2_vamos a desfracmentar el disco duro¿por que?os archivos en el disco duro se fragmentan 
con el tiempo y pueden conducir a un desempeño menos eficientes y a ralentizar el equipo.
para esto vamos a  Inicio/ Todos los programas/ Accesorios/ Herramientas de sistema/
 Desfragmentador de disco duro.y hacemos click Desgrafmentador de disco duro tambien puedes 
programar la desfracmentacion automaticamente pero es mejor hacerla manual .como sabemos cuando
ahi desfracmentar facil hacemos un click sobre analizar el disco duro y si el analisis supera el 10 % te recomiendo desfracmentar para hacemos click “Desfragmentar disco.”este proceso puede tardar una 
hora o menos .

uso de programas de limpieza:

3_unos programa que usaremos de limpieza sera  CCleaner
Libera espacio en disco, borrando archivos temporales y otros innecesarios
Vigila tu privacidad eliminando historiales, contraseñas guardadas e información de auto-completado
Comprime las bases de datos de algunos navegadores (Firefox, Chrome) para que carguen más rápido
Borrado seguro de discos, con varios métodos
Busca y repara problemas en el Registro de Windows
Desinstala programas o elimina entradas de desinstaladores de Programas y Características
Activa y desactiva programas que se inician con Windows
Elimina puntos de restauración para ganar espacio
También disponible para Mac y en versión versión Portable para USB
Instalación
Lo primero de todo es descargar el programa; puedes elegir entre CCleaner instalable y CCleaner portable. Como es obvio, la versión portable no tiene instalación alguna. Tan sólo descomprime sus archivos en una carpeta de tu disco duro, y listo.

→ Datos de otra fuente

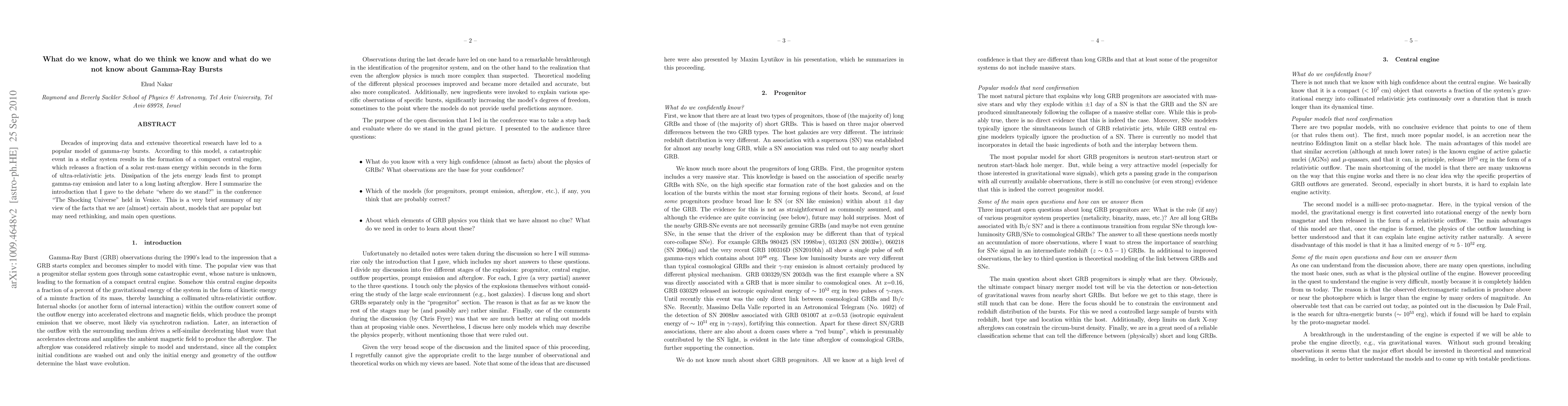 Decades of improving data and extensive theoretical research have led to a popular model of gamma-ray bursts. According to this model, a catastrophic event in a stellar system results in the formation of a compact central engine, which releases a fraction of a solar rest-mass energy within seconds in the form of ultra-relativistic jets. Dissipation of the jets energy leads first to prompt gamma-ray emission and later to a long lasting afterglow. Here I summarize the introduction that I gave to the debate "where do we stand?" in the conference "The Shocking Universe" held in Venice. This is a very brief summary of my view of the facts that we are (almost) certain about, models that are popular but may need rethinking, and main open questions.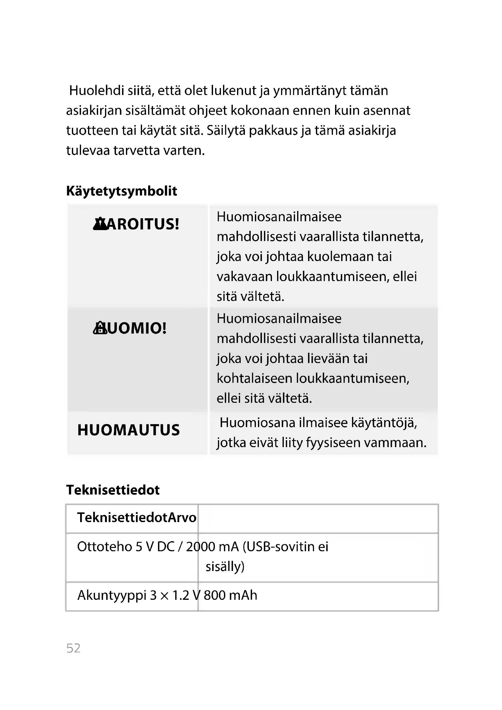 HUOMIO! Huomiosana ilmaisee mahdollisesti vaarallista tilannetta, joka voi johtaa lievään tai kohtalaiseen loukkaantumiseen, ellei sitä vältetä. HUOMAUTUS Huomiosana ilmaisee käytäntöjä, jotka eivät liity fyysiseen vammaan. Tekniset tiedot Tekniset tiedot Arvo Ottoteho 5 V DC / 2000 mA (USB-sovitin ei sisälly) Akun tyyppi 3 × 1.2 V 800 mAh53Alecto | Safety instructions Käyttötarkoitus Tämä tuote on tarkoitettu langattomaksi viestintälaitteeksi, jonka avulla käyttäjät voivat kommunikoida jopa 6 km:n etäisyyksillä avoimissa kenttäolosuhteissa. Tuote on tarkoitettu sekä sisä- että ulkokäyttöön. Tuotteen muutokset voivat vaikuttaa turvallisuuteen, takuuseen ja asianmukaiseen toimintaan. Tätä tuotetta ei ole tarkoitettu ammattikäyttöön. Turvallisuusohjeet Huolehdi siitä, että olet lukenut ja ymmärtänyt tämän asiakirjan sisältämät ohjeet kokonaan ennen kuin asennat tuotteen tai käytät sitä. Säilytä pakkaus ja tämä asiakirja tulevaa tarvetta varten.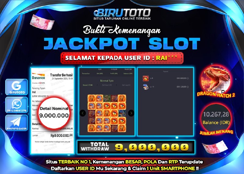BIRUTOTO JACKPOT SLOT DRAGON HATCH 2 Rp.9.000.000 LUNAS

Los dos primeros apartados determinan dónde se crearán accesos directos; los dos siguientes, si se añadirán nuevos menús contextuales a la Papelera de reciclaje. Por último, puedes elegir si quieres que CCleaner busque nuevas versiones al inicio.

Depende de tus gustos, pero nuestra recomendación es:

Acceso directo al Escritorio - desactivado
Acceso directo al Menú Inicio - activado
Añadir la opción [...] al menú de contexto de la Papelera - desactivado
Comprobar automáticamente las actualizaciones para CCleaner - activado
Después de ajustar estas opciones según tus preferencias, presiona Instalar y comenzará la instalación. No te preocupes, podrás cambiar estas opciones más tarde, desde el propio programa.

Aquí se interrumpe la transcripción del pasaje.